• _What the task asks_
Print the entire listing below word for word, excluding its pictures.

• _Provided data_
- - - - -

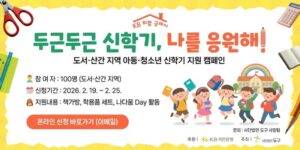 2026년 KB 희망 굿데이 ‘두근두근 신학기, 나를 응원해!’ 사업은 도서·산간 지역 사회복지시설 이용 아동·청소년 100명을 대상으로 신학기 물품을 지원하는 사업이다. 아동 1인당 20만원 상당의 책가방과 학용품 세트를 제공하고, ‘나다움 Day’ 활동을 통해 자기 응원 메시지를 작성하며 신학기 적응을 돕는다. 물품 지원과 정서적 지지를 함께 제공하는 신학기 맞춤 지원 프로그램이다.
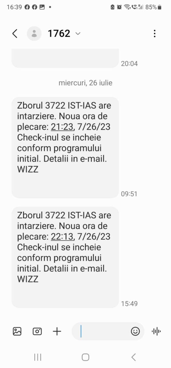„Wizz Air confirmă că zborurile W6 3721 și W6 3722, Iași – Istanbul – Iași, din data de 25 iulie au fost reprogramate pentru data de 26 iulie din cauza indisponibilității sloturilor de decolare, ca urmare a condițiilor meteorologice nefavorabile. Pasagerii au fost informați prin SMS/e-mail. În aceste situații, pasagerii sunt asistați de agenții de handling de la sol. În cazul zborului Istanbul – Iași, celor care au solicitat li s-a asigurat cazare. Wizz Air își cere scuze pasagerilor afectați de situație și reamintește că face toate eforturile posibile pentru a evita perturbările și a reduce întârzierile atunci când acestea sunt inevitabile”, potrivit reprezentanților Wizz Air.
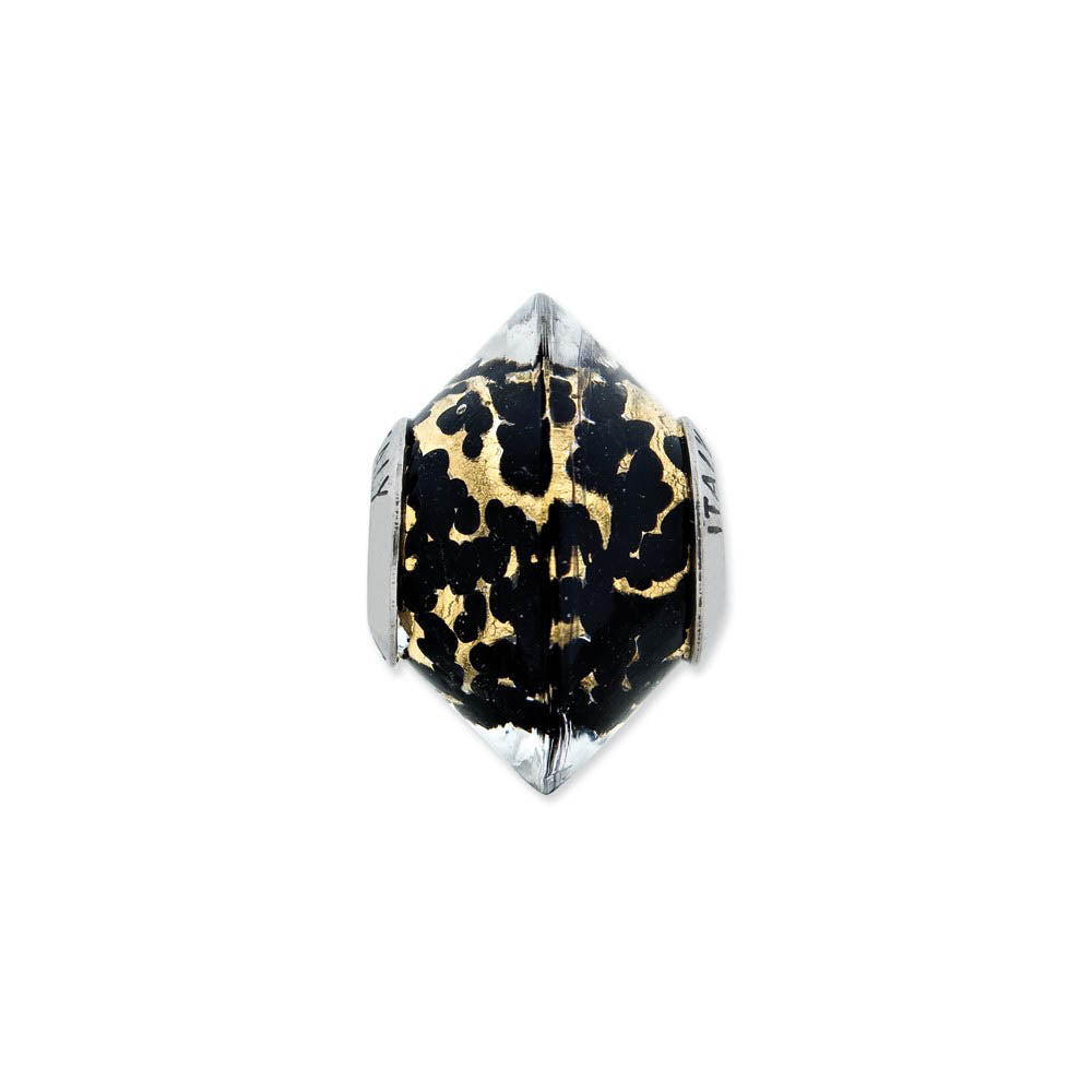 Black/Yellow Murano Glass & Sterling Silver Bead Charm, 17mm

- - - - -

• _Reply_
 2026년 KB 희망 굿데이 ‘두근두근 신학기, 나를 응원해!’ 사업은 도서·산간 지역 사회복지시설 이용 아동·청소년 100명을 대상으로 신학기 물품을 지원하는 사업이다. 아동 1인당 20만원 상당의 책가방과 학용품 세트를 제공하고, ‘나다움 Day’ 활동을 통해 자기 응원 메시지를 작성하며 신학기 적응을 돕는다. 물품 지원과 정서적 지지를 함께 제공하는 신학기 맞춤 지원 프로그램이다.
„Wizz Air confirmă că zborurile W6 3721 și W6 3722, Iași – Istanbul – Iași, din data de 25 iulie au fost reprogramate pentru data de 26 iulie din cauza indisponibilității sloturilor de decolare, ca urmare a condițiilor meteorologice nefavorabile. Pasagerii au fost informați prin SMS/e-mail. În aceste situații, pasagerii sunt asistați de agenții de handling de la sol. În cazul zborului Istanbul – Iași, celor care au solicitat li s-a asigurat cazare. Wizz Air își cere scuze pasagerilor afectați de situație și reamintește că face toate eforturile posibile pentru a evita perturbările și a reduce întârzierile atunci când acestea sunt inevitabile”, potrivit reprezentanților Wizz Air.
 Black/Yellow Murano Glass & Sterling Silver Bead Charm, 17mm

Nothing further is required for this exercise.